Sound Sculpting – How to Improve Your Guitar Tone

Regardless of what you’re trying to achieve as a guitarist, your playing starts with your tone. It’s the quality of your sound, the voice that you use to convey the message of your music. However, unlike notes and chords, a guitar’s tone can feel like a very ethereal thing. This is because there really isn’t an objective “perfect tone”, despite how often you may hear that phrase being thrown around, and there’s no defined road to success when looking to change it. You can find the right notes, you can play perfectly to a beat, but if you don’t have the right tonal quality, your playing isn’t likely to have the desired impact.

With all of this in mind, fret not, as this lack of objective perfection can also provide you with a considerable amount of freedom to find your specific sound. So, for those that want to take their performances to the next level, let’s take a look at ways that you can improve your guitar tone.

Getting Your Guitar

When speaking to guitarists that are just starting out, I’ve found that most of them are under the impression that, aesthetics aside, guitars are mostly the same when it comes to sound. When selecting your rosewood guitar, although the designs may be the most striking difference between them, there is also a sizeable tonal shift from instrument to instrument. In other words, if you’ve tried everything and still can’t get your guitar to sound quite right, it may be because you’re attempting to play in a style that your guitar isn’t ideal for.

This is why it’s important to know a guitar’s sound and feel when possible before buying. A jazz guitar will be able to provide you with sonorously smooth lows and mids, but if you’re trying to play power metal, it isn’t going to have the same impact as a Kramer. So, keep your desired guitar style in mind when choosing your instrument.

The Pick Problem

It’s easy to underestimate just how much of an impact your pick and picking style have on the tone of your guitar. However, you would be amazed at just how important your choice of plectrum is when defining not just your tone, but your playing style at large. A heavier pick is going to provide a thicker tone, while a lighter pick will generally allow you to sit more smoothly within a full band mix.

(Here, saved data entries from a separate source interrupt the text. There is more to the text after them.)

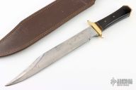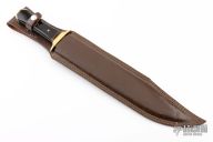 This bowie features a satin finished blade with false top edge, .195" blade stock and 1.422" blade depth, hidden tang construction. The handle has a brass guard and butt, ebony wood grip. Comes with a brown leather sheath. Has some scratches and oxidation, good user condition.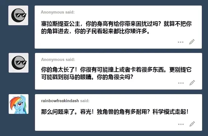 暮光:角……非常耐用。其中灌注的魔力角蛋白让它们同样有很强的弯曲度。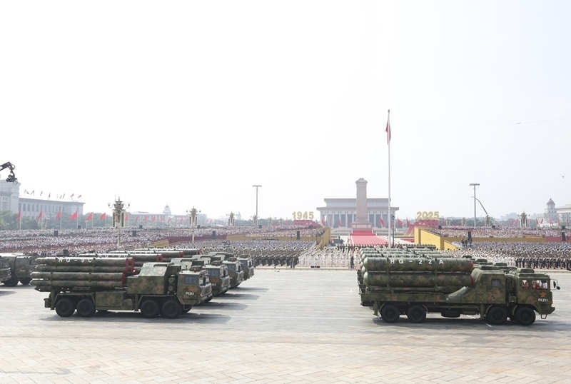 9月3日,紀念中國人民抗日戰(zhàn)爭暨世界反法西斯戰(zhàn)爭勝利80周年大會在北京隆重舉行。這是反艦導(dǎo)彈方隊接受檢閱。
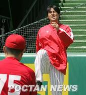 2005.05.23 11: 49[현역 복귀한 조성민의 훈련 현장] '목표는 마운드에 서는 것'

Selecting the right pick for your desired tone will require a bit of experimentation, but it’s ideal to have a number of different pick gauges on hand in case you want to switch things up a bit. With prices spanning from a few cents to a few dollars, this is by far one of the cheapest, easiest ways to switch up your sound.

The Sound of Speakers

Despite the amp head being the main source of power for your guitar setup, the speakers themselves will invariably have an enormous impact on your sound. So, before you go to trade in your tried and true combo valve amp, try experimenting with a few new speakers. A more efficient, optimised speaker setup will help you to avoid muddiness or dullness, especially when dealing with lower notes. Plus, if you’re using older speakers, wear and tear can begin to degrade the quality of your guitar tone, making it very difficult to maintain a consistent, crisp sound regardless of other potential factors.

Pedal Potential

Pedals exclusively exist to provide you with more control over your sound, so if you’ve ever listened to a guitarist and wondered how they have achieved such an immaculate tone, chances are that pedals had something to do with it. Many professionals always have their chosen reverb/delay pedals always with them. One of the best information you can read out there is MusicCritic’s TC electronic review. As with other effects, there are different reverb settings to choose from, including your typical plate and spring versions, as stated by audiophiles on MusicCritic. While most people gravitate to the more identifiable pedals, with effects like overdrive and delay having an immediate audible impact on a guitar’s sound, there are more subtle options available.

One often-overlooked secret weapon of guitarists looking to really cut through the noise is a compression pedal. These pedals are designed to enhance the sound of your guitar, balancing out the volume of your playing and increasing the sustain time of notes. This makes compression pedals perfect for those that prefer to play without distortion, as clean guitar notes tend to decay very quickly. While compression isn’t the only effect that will improve the tone of your guitar, it’s certainly a fantastic choice for those that want a quick boost to their sound.